Aging Into Disability

By: Michelle Matter
When the Americans with Disabilities Act (ADA) was signed into law 35 years ago by President George H.W. Bush, it marked a turning point in the fight for inclusion. It was a long over-due recognition that people with disabilities have the right to access, opportunity, and dignity. But for many people, disability doesn’t come with a sudden diagnosis or a single defining moment. It comes slowly, and then all at once.
Over the past five years, I’ve watched my mom lose her ability to walk. Then her speech. Then her capacity to care for herself without significant, round-the-clock support. She lives with a degenerative disease that has gradually stripped away so many of the things that once made up her daily life. But even as her body has weakened, her spirit, humor, and presence have remained strong.

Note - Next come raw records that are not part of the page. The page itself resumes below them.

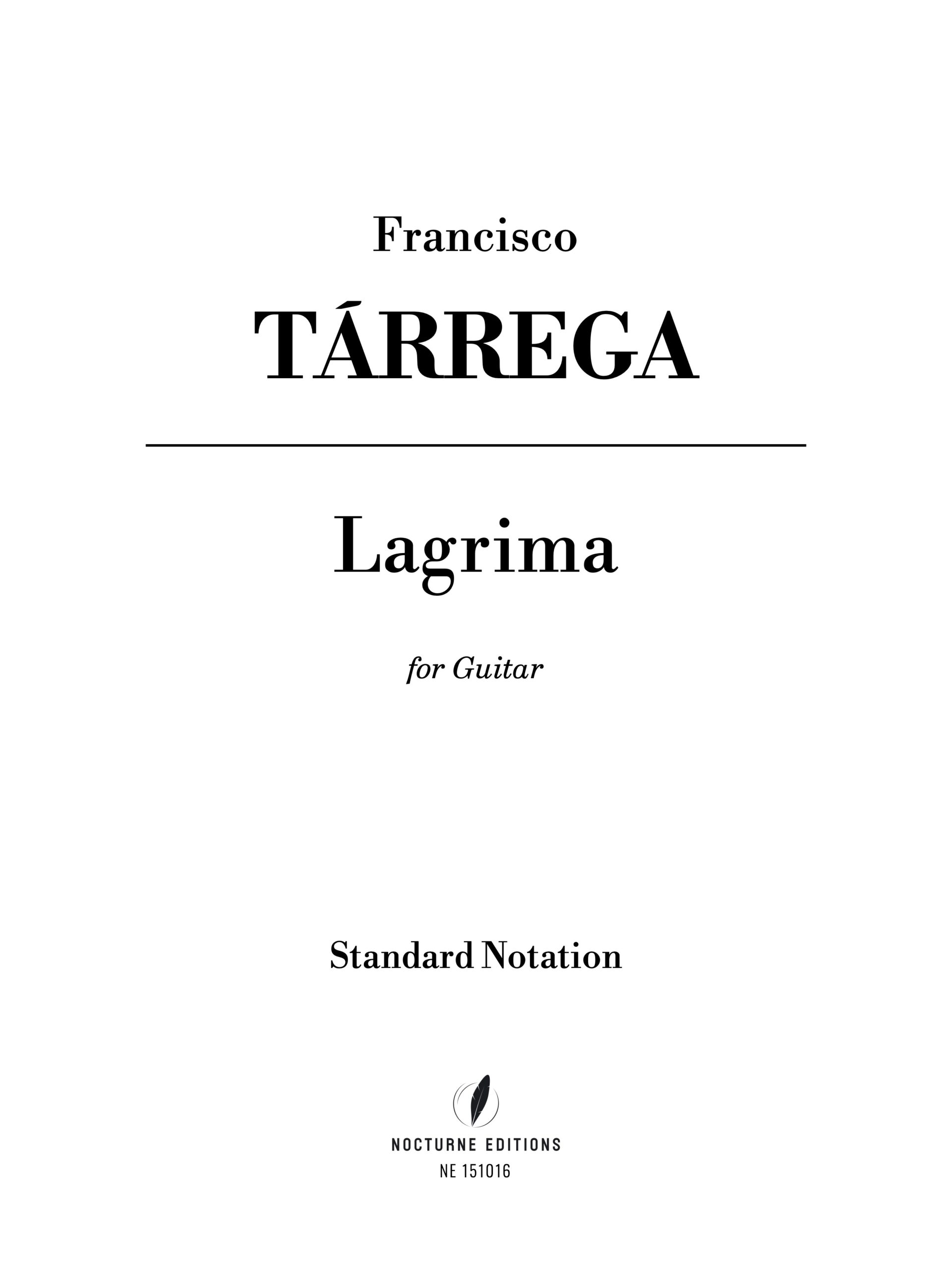This Nocturne Editions release presents a refined, easy-to-read engraving of Tárrega’s Lágrima, one of the most lyrical and frequently performed works in the classical guitar repertoire. The score is prepared in a clean 9×12 concert format, ensuring excellent readability for both printed copies and digital tablet use.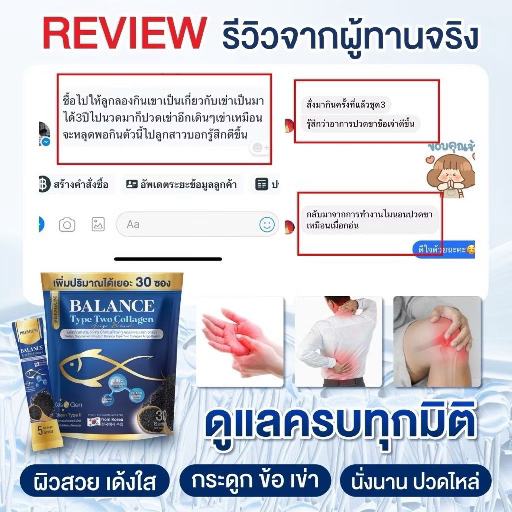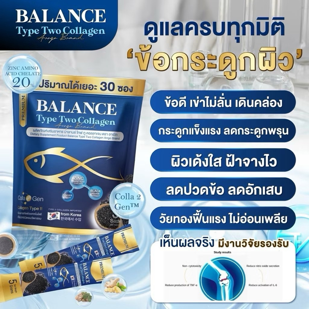 โปร 1 แถม 1 (60ซอง) บางลานซ์ย์ คอลลาเจน Balance Collagen กระดูกพรุน เก๊าท์ รูมาตอย เติมน้ำในข้อ ลดการอักแสบ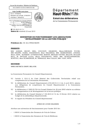 SUBVENTION DE FONCTIONNEMENT AUX ASSOCIATIONS " DEVELOPPEMENT DE LA LECTURE PUBLIQUE "

It’s one thing to study disability through policy or advocacy. It’s another to live it as a daughter, to see the shifts play out in your family, and to confront how systems either support, or fail, those we love.
There’s a grief in watching someone you love disappear into layers of care needs. But there’s also a quiet clarity, the recognition that this is the reality for so many older adults who once gave everything for others and now need care themselves.
This is where the ADA matters, not just in employment or public access, but in challenging our assumptions about who “counts” as disabled. My mom didn’t start life identifying with the disability community. But now, her survivals depend on accommodations, understanding, and protections that the ADA helped make possible. And even still, we often find ourselves fighting for access, asking for better care coordination, and navigating a maze of systems not designed with her in mind.
The ADA laid the groundwork for equality, but we have to keep building. That means expanding our understanding of disability to include those aging into it. It means supporting family caregivers who are doing the work that our systems often don’t. It means honoring the full lives and complex needs of older adults, especially those who can no longer speak for themselves.
My mom can’t tell her own story anymore, not in words, but she still communicates love. She still smiles. She still teaches me how to show up in the hardest moments with compassion and grace.
On this anniversary of the ADA, I think of her and the millions of others whose stories mirror hers. And I recommit to the work of building a world where aging into disability is not met with silence or struggle, but with support, inclusion, and dignity.